Which lines run from the one containing "老人家属通过朱加官村村支书找" through the last line of the records? Copy them exactly, leaving pictures out.

> **Saved data entries**:
==============================
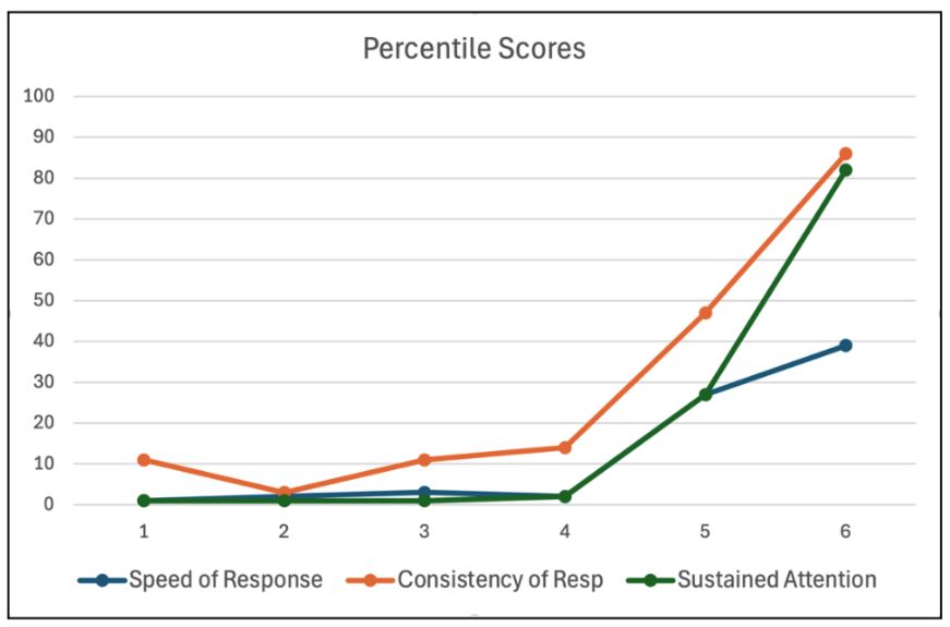 Here the initial results were dire: The veteran was functioning at the first percentile level in terms of sustained attentional function and reaction time. He was functioning at the 11th percentile level in terms of variability. In consequence of the slow reaction time, there was no issue with impulsivity, the only measure found to be in the normal range. Progress in the measures was minimal over the first forty sessions, but radical improvement was observed over the last twenty sessions. At completion of the planned 60-session training, sustained attentional function had improved from the first percentile to the 82nd; mean reaction time had improved from the first percentile to the 39th; and consistency of response had improved from the 11th percentile to the 86th. These results are shown graphically in Figure 3.
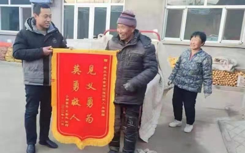 老人家属通过朱加官村村支书找到了朱振国,拿着锦旗和一沓现金登门道谢。“您救人的时候连手机都没来得及掏,这是给您买手机的钱,一定要收下。”面对感谢,朱振国执意婉拒了:“没掏手机怨俺自己,跟你们没关系,这钱俺不能要!”在朱振国看来,一面写有“见义勇为、英勇救人”的鲜红锦旗就是对他最大的褒奖。
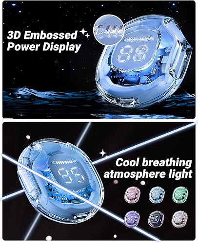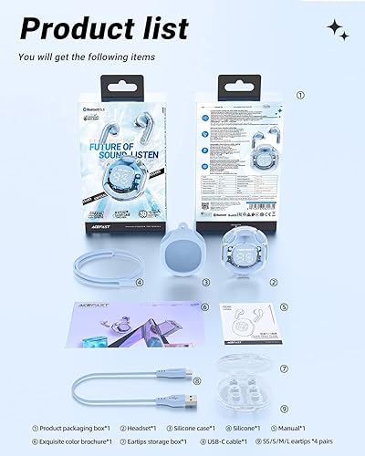 ACEFAST T8 Cuffie Bluetooth, Auricolari Bluetooth 5.3 con Stereo HiFi, Cuffie Wireless Sport in Ear con Microfono, Cuffie Senza Fili Cancellazione Rumore, Cuffiette Trasparente,Azzurro
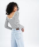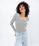 Body manches longues en maille côtelée à rayures femme blanc chine
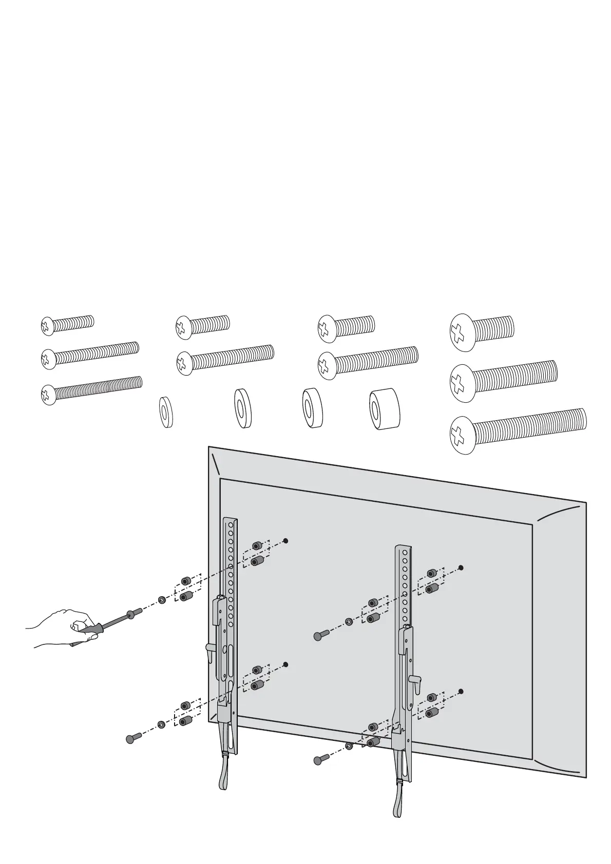 Find the one size screw that fi ts your TV. You will use the 4 screws of that size.
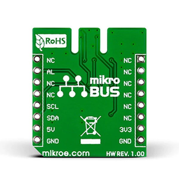 IrThermo 2 Click is a non-contact temperature measurement solution. The Click board™ carries the TMP007 infrared thermopile sensor with an integrated math engine. The sensor absorbs the infrared radiation emitted by the target object (withing the sensor’s field of view) and the integrated math engine calculates its temperature by comparing it with the temperature of the silicon die. The measurement range of the sensor is between –40°C to 125°C (with a 14-bit resolution). The board is designed to use either a 3.3V or a 5V power supply.
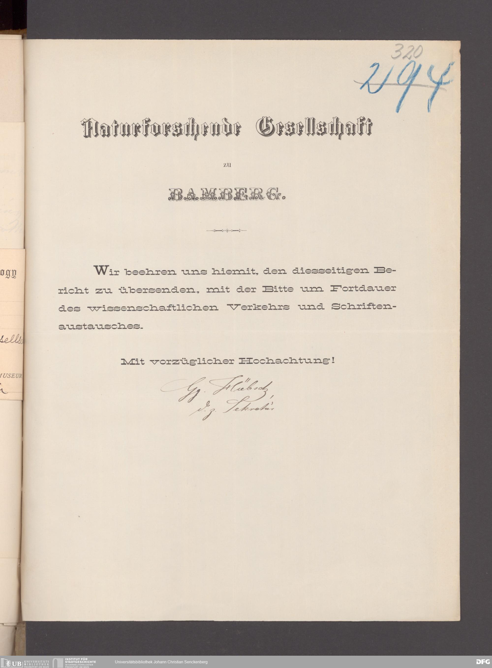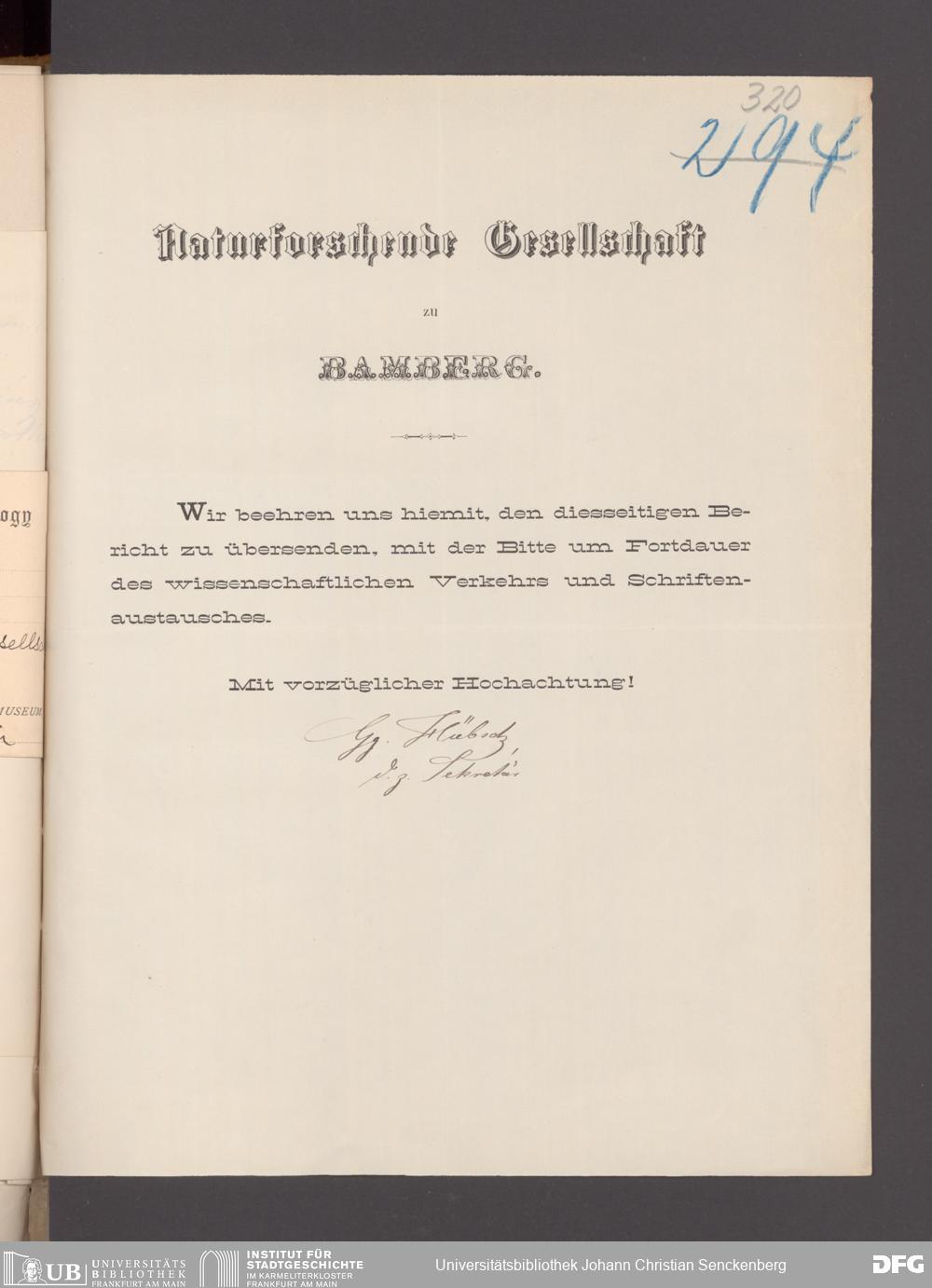 V176 Senckenberg Gesellschaft für Naturforschung, 17 - Korrespondenz über den Schriftentausch mit naturwissenschaftlichen Vereinigungen mit Ortsindex, Bd. 1
==============================
> **EXPECTED OUTPUT**:
 老人家属通过朱加官村村支书找到了朱振国,拿着锦旗和一沓现金登门道谢。“您救人的时候连手机都没来得及掏,这是给您买手机的钱,一定要收下。”面对感谢,朱振国执意婉拒了:“没掏手机怨俺自己,跟你们没关系,这钱俺不能要!”在朱振国看来,一面写有“见义勇为、英勇救人”的鲜红锦旗就是对他最大的褒奖。
 ACEFAST T8 Cuffie Bluetooth, Auricolari Bluetooth 5.3 con Stereo HiFi, Cuffie Wireless Sport in Ear con Microfono, Cuffie Senza Fili Cancellazione Rumore, Cuffiette Trasparente,Azzurro
 Body manches longues en maille côtelée à rayures femme blanc chine
 Find the one size screw that fi ts your TV. You will use the 4 screws of that size.
 IrThermo 2 Click is a non-contact temperature measurement solution. The Click board™ carries the TMP007 infrared thermopile sensor with an integrated math engine. The sensor absorbs the infrared radiation emitted by the target object (withing the sensor’s field of view) and the integrated math engine calculates its temperature by comparing it with the temperature of the silicon die. The measurement range of the sensor is between –40°C to 125°C (with a 14-bit resolution). The board is designed to use either a 3.3V or a 5V power supply.
 V176 Senckenberg Gesellschaft für Naturforschung, 17 - Korrespondenz über den Schriftentausch mit naturwissenschaftlichen Vereinigungen mit Ortsindex, Bd. 1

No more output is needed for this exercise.